For example, suppose we have a set of data. Instead of storing these data individually, we can store the data as an array. Arrays are a data structure used to hold data of the same type together. In this way, we can process faster and more efficiently than storing data individually.
To give another example, let’s consider a phone book. There is a name and phone number for each contact in the phone book. Instead of storing this data individually, we can use a data structure that unifies and connects each person. The name of this structure is a structure called “linked list”. In this way, we can search for contacts in the phone book more quickly and efficiently.
In short, data structures are a structured method for storing, organizing, and manipulating data. These structures are designed to process data more quickly and efficiently.

Arrays

  • Arrays is a data structure that allows fixed size data to be stored.
  • Dynamic arrays, on the other hand, are an array type whose size can be adjusted dynamically.

Linked Lists

They are structures that allow us to keep data without having to be side by side. We do not need to open a new area in memory for the new element. In this scenario, unlike Array, the data may be distributed in the memory, but the last element has to give its address to the previous element.
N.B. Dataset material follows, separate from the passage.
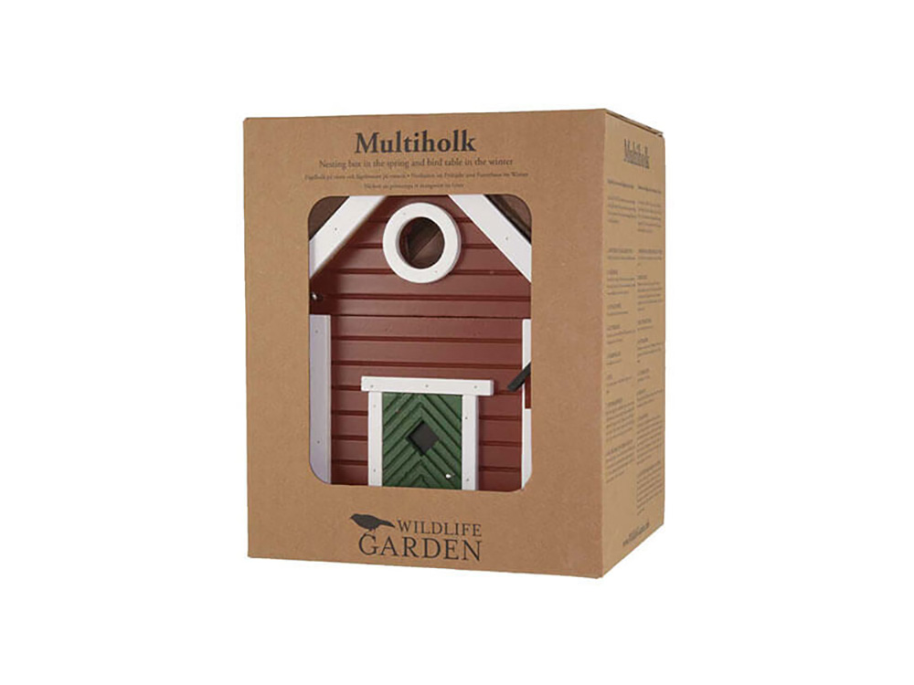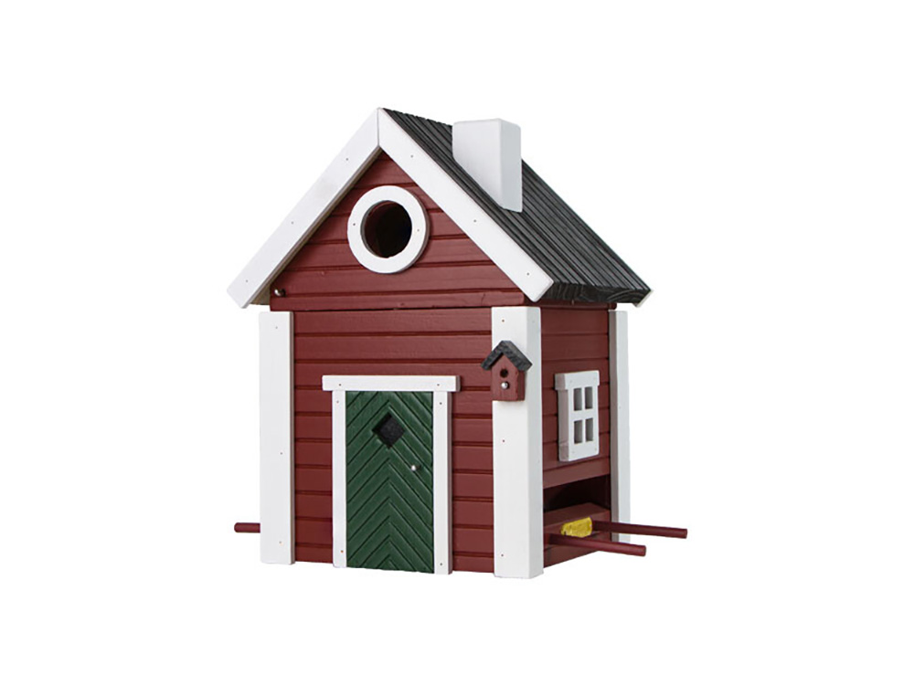 Vogelhuis en voederhuis onder 1 dak ontworpen naar het voorbeeld van de traditionele woningen in Scandinavië of de Amerikaanse huizen van New England. Dit unieke vogelhuisje kan zowel op een paal als tegen een schutting/muur bevestigd worden met het bijgeleverde bevestigingsmateriaal. Het vogelhuisje is te gebruiken als voederhuis in de winter en als nestkastje voor mezen in de lente.

Linked List and Array Comparison:

Array:

  1. Data is stored in sequential memory blocks.
  2. Elements can be accessed directly.
  3. It provides a more organized layout in memory and provides faster access. Reaching any element takes the same time (Random Access)
  4. Its dimensions are static, that is, its dimensions cannot be changed while the program is running. Suitable for static situations.
  5. Adding or removing elements may require resizing, which can be costly.
  6. Arrays take up less memory because they only hold elements.

Linked List:

  1. Data is stored in a linked structure called nodes.
  2. Nodes contain a data item and the address (pointer) of the next node.
  3. In order to go to the element we want to reach in the Linked-List, we need to visit the connected elements.
  4. Its dimensions are dynamic, that is, its dimensions can be changed while the program is running. It is better for use in cases where Add-Subtraction is excessive.
  5. Accessing the elements requires going through them, which can be a time-consuming process.
  6. Linked-Lists take up more memory because they hold addresses together with the element.

Adding and Deleting Elements in Linked List

Adding Element:

  • A new node is created and data item assignment is made.
  • For the append operation, the next pointer of the new node is replaced with the pointer of the next node, and the pointer of the new node is assigned to the next pointer of the previous node.
  • If the first element is to be added, the new node is placed at the beginning of the list and the head pointer is assigned to the new node.

Element Deletion:

  • The pointer to the previous node of the node to be deleted indicates the next node of the node to be deleted.
  • The previous pointer of the next node of the node to be deleted indicates the previous node of the node to be deleted.
  • If the first node is to be deleted, the head pointer is assigned to the next node of the node to be deleted.

Stack

Stack is a data structure that works according to last-in, first-out (LIFO) logic. That is, data is extracted starting with the most recently added item. Operations on the stack are called push (add) and pop (subtract). Data can be manipulated simply by accessing or modifying the top item. Stack is often used in situations such as function calls and process stacks.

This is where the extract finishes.